◆ YOUR INSTRUCTIONS: Pictures do not belong in your copy. Repeat all the other data exactly.

[Items listed in a dataset]
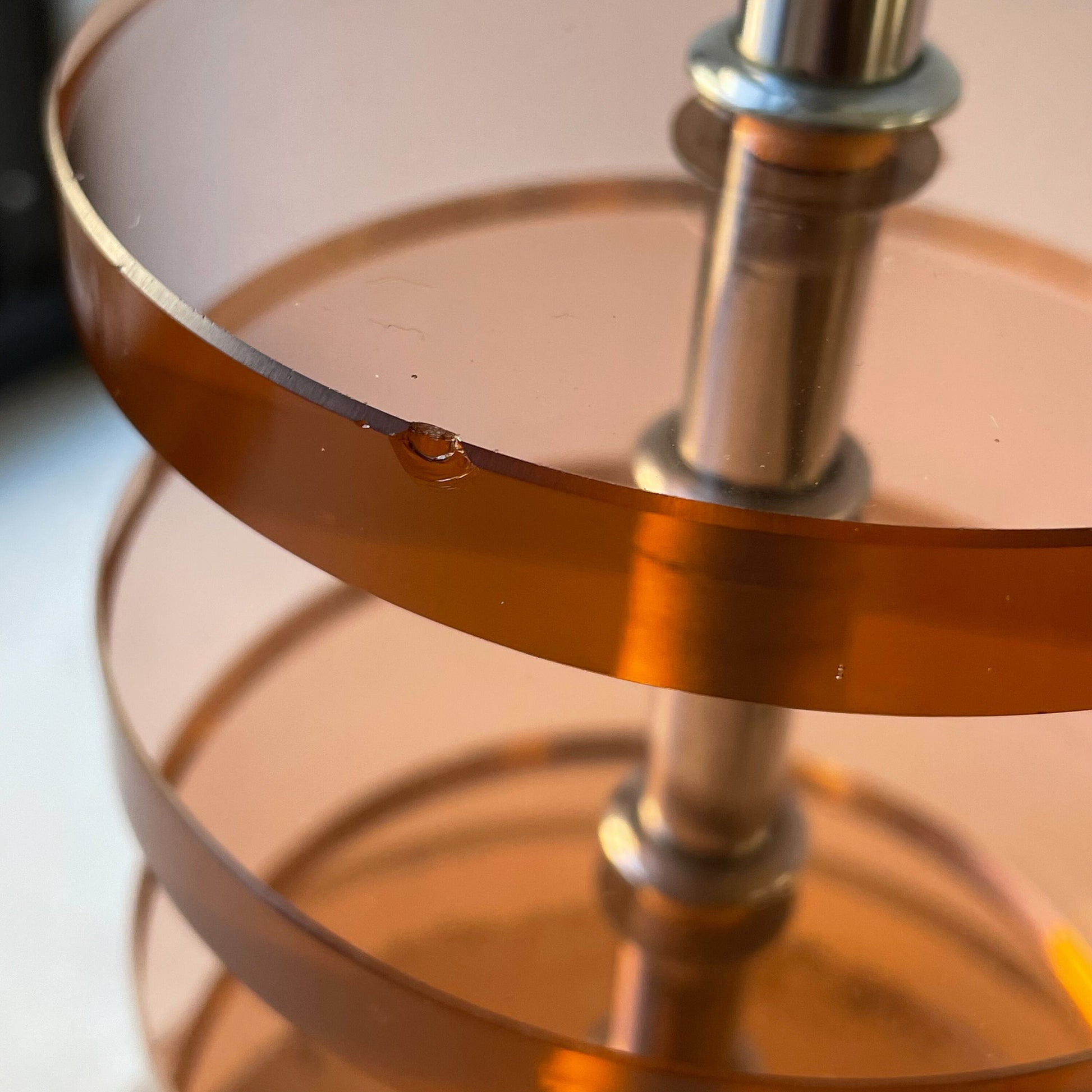 One of a kind table lamp. Featuring thick 4 glass circles stacked a few inches apart on the lamp stem. These show up different color in different light, and emit a nice warm hue (kind of like a salt lamp) when the light is on. They generally have a pink-ish hue in the daylight, almost a warm amber. This piece is incredible and looks fantastic in daylight, and different at night. Call me the shapeshifter!
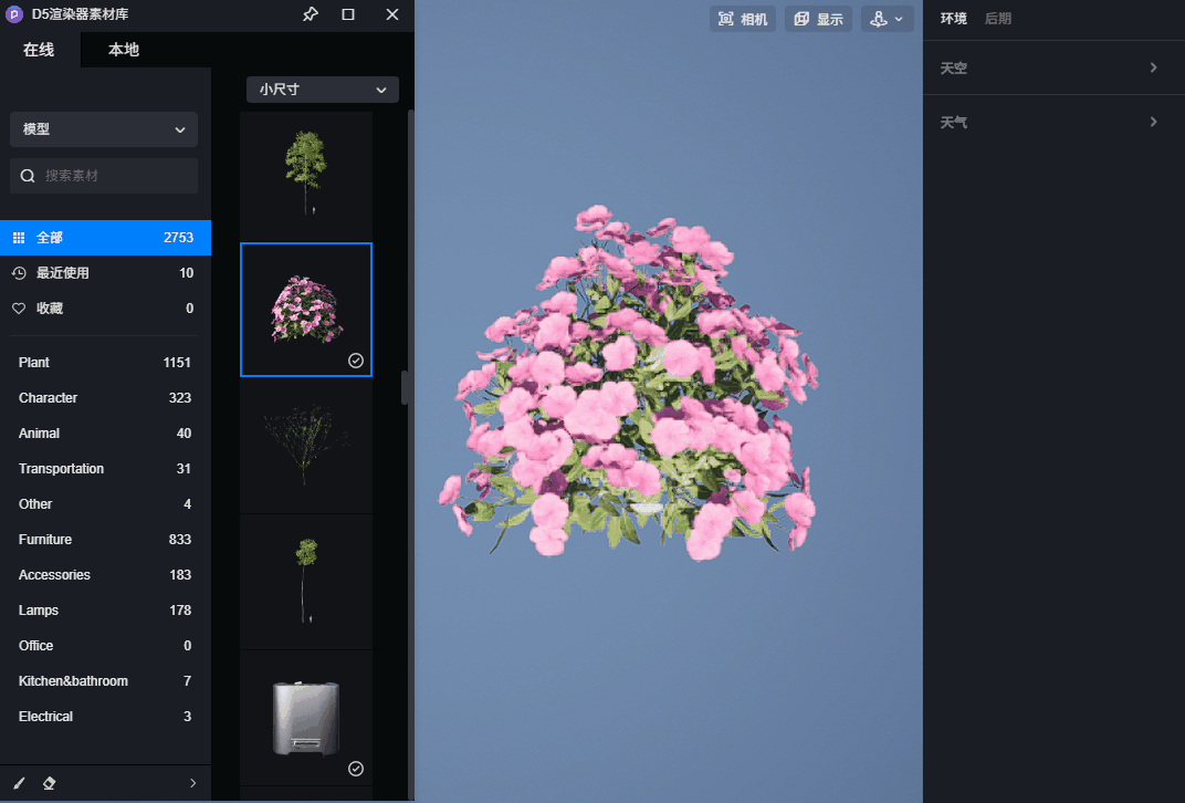 模型替换功能支持的类型:abc 文件格式、d5a 模型组、贴花、粒子等类型。当前除灯光和路径工具外,所有物体类型均支持替换。
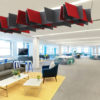 Absorb hanging rafts are a high-quality Class A acoustic absorber. Rafts are excellent at battling reverberation and echo and should be suspended directly above the noise source for optimal performance. The Absorb panel core is an open-cell 65% recycled PET panel which is lightweight and easy to suspend, finished in a wide range of industry-leading Camira fabrics or used in its raw material for a cost-effective solution.
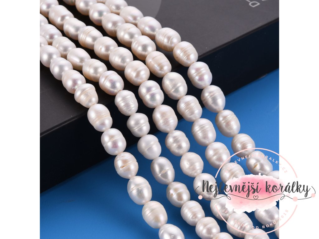 Přírodní sladkovodní perla - bílá - třída AA - 8~10 x 7~8 mm - 1 ks
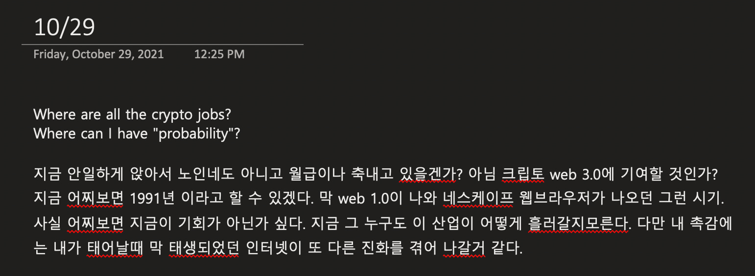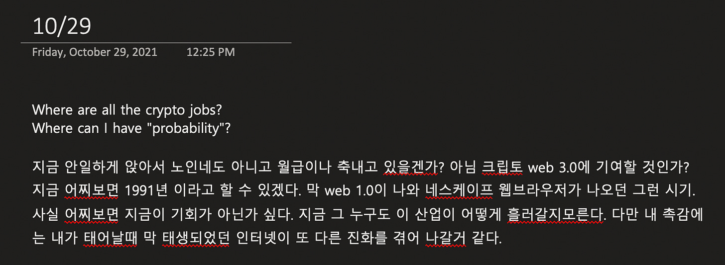 제 나이 이제 만 20대 중후반이 되는 이 시점에서, 웹3.0이 등장하는것은 내게 큰 행운이라 생각드네요.

◆ EXERCISE OUTPUT:
 One of a kind table lamp. Featuring thick 4 glass circles stacked a few inches apart on the lamp stem. These show up different color in different light, and emit a nice warm hue (kind of like a salt lamp) when the light is on. They generally have a pink-ish hue in the daylight, almost a warm amber. This piece is incredible and looks fantastic in daylight, and different at night. Call me the shapeshifter!
 模型替换功能支持的类型:abc 文件格式、d5a 模型组、贴花、粒子等类型。当前除灯光和路径工具外,所有物体类型均支持替换。
 Absorb hanging rafts are a high-quality Class A acoustic absorber. Rafts are excellent at battling reverberation and echo and should be suspended directly above the noise source for optimal performance. The Absorb panel core is an open-cell 65% recycled PET panel which is lightweight and easy to suspend, finished in a wide range of industry-leading Camira fabrics or used in its raw material for a cost-effective solution.
 Přírodní sladkovodní perla - bílá - třída AA - 8~10 x 7~8 mm - 1 ks
 제 나이 이제 만 20대 중후반이 되는 이 시점에서, 웹3.0이 등장하는것은 내게 큰 행운이라 생각드네요.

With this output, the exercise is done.